A recently published meta-analysis compared the cost-effectiveness of five, non-benzodiazepine (ie second-line) ASMs in the treatment of benzodiazepine-resistant CSE.56 Twenty-four studies were included with 1185 SE episodes. The most effective second-line ASM was phenobarbital with a probability of seizure-cessation of 0.8 (95% confidence interval [CI]: 0.69–0.88), followed by valproate (0.71 [95% CI: 0.61–0.79]), lacosamide (0.66 [95% CI: 0.51–0.79]), levetiracetam (0.62 [95% CI: 0.5–0.73]) and phenytoin/fosphenytoin (0.53 [95% CI: 0.39–0.67]). In pairwise comparisons, phenobarbital was more effective than phenytoin or fosphenytoin (p = 0.002), sodium valproate more effective than phenytoin (p = 0.043) and phenobarbital more effective than levetiracetam (p = 0.018). The most cost-effective non-BZD ASM was levetiracetam, followed by sodium valproate and lastly, phenobarbital.

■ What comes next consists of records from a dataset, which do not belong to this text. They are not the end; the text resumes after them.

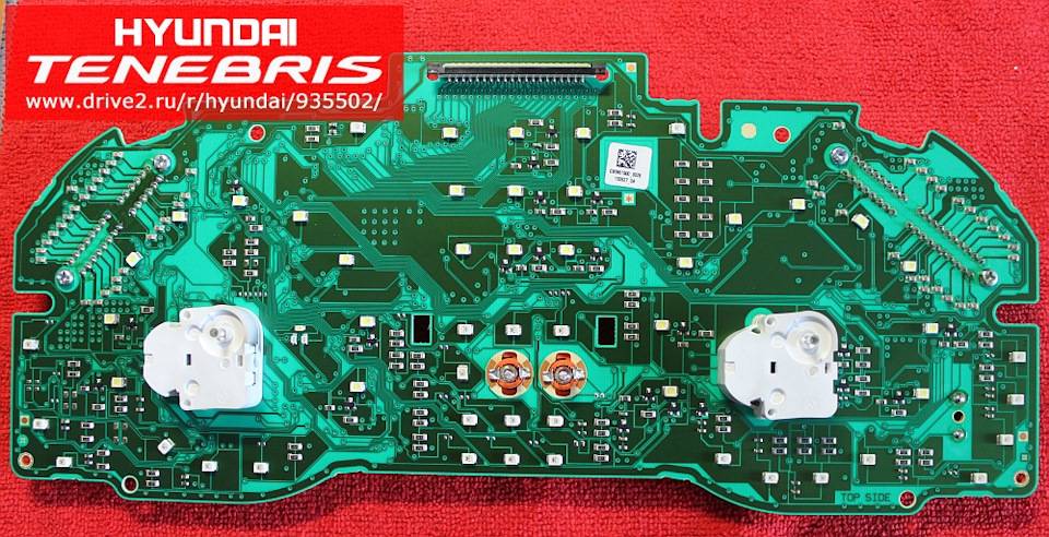 Плата подсветки спидометра. Основная сложность, оказалось, именно здесь. Прибор спидометра за счет встроенного одометра очень громоздкий и для подсветки остается совсем мало места. В результате подрезок и подточек от платки осталось совсем немного.
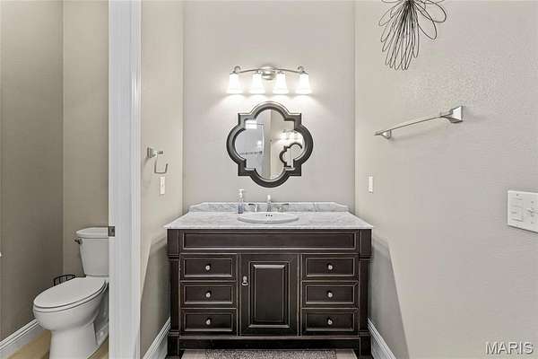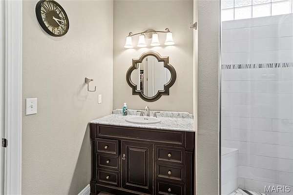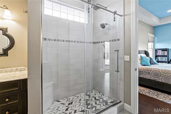 The primary suite offers a spa-like retreat with elegant marble vanities and refined finishes throughout the master bath. Each additional bedroom and bathroom is generously sized, offering comfort and privacy for family or guests.
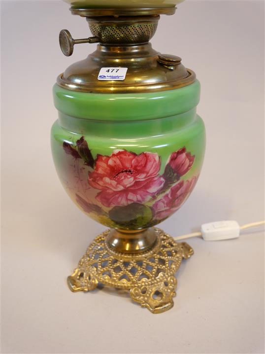 477. BORDSFOTOGENLAMPA, elektrifierad, mässing och bemålat glas i fot och kupa. Totalhöjd 62 cm.
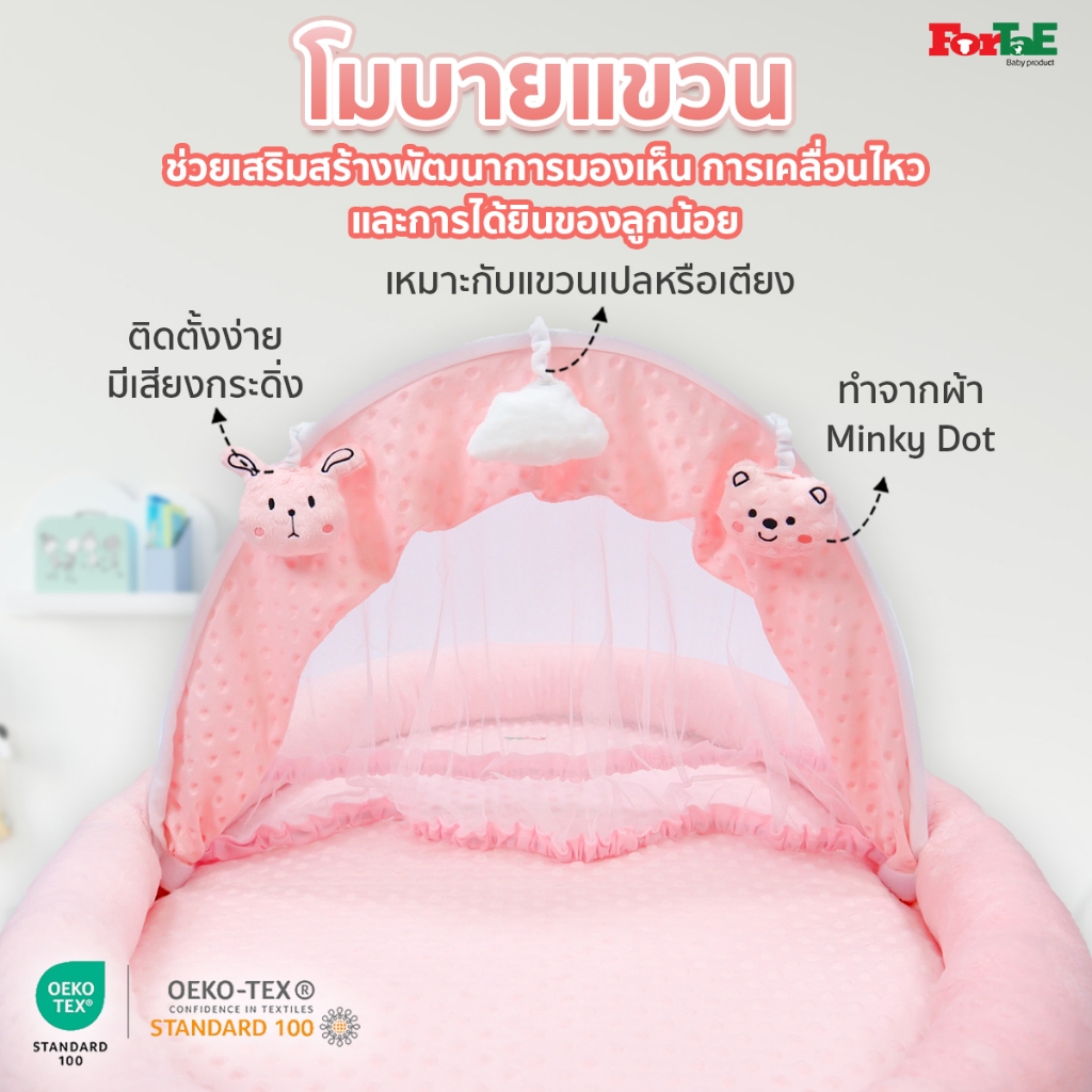 PM032 Fortae(ฟอร์เต้) ที่นอนเด็กมุ้งครอบ ที่นอนมุ้งพร้อมโมบายของเล่น ขนาดใหญ่ ผ้าMinky Dot ถอดซักได้

Phenytoin or fosphenytoin and lacosamide were not cost-effective compared to the other options. Sensitivity analyses showed a marked overlap in cost-effectiveness, but phenytoin or fosphenytoin were consistently less cost-effective than levetiracetam, sodium valproate and phenobarbital.56

Outstanding Issues

Pre-Hospital Use of Benzodiazepines

Debate continues on whether the out-of-hospital (pre-hospital) use of benzodiazepines (given by families, carers, paramedics, school nurses, etc.) should or should not be counted when an individual, and particularly a child, with CSE receives treatment in the AED or ER. One of the problems is the frequent under-dosing of both pre-hospital and also AED/ER-administered doses of benzodiazepines,57–59 which is likely to make them less effective. A number of guidelines (including in the UK and Canada) state that if the child has already received two doses of a benzodiazepine, then no further doses should be given in the AED or ER, even if the previous doses were not given intravenously, and they should immediately receive a second-line ASM. This is to avoid causing respiratory suppression or arrest. However, the evidence to support this concern is limited and is beset by methodological difficulties;30,60 respiratory depression was not reported to be a problem in more recent and much more scientifically undertaken studies.42–44 Other guidelines (including those used in the US, Denmark and the Netherlands) recommend that if the child is still seizing in the AED/ER, then a further (third) dose of benzodiazepine could and even should, be given intravenously before then progressing to a second-line ASM. Their rationale is that giving a third dose is unlikely to cause a respiratory arrest, but if it does, then the patient is in a safe and monitored environment. Giving a third dose also provides a further opportunity to stop the seizure whilst the second-line ASM is being prepared and administered.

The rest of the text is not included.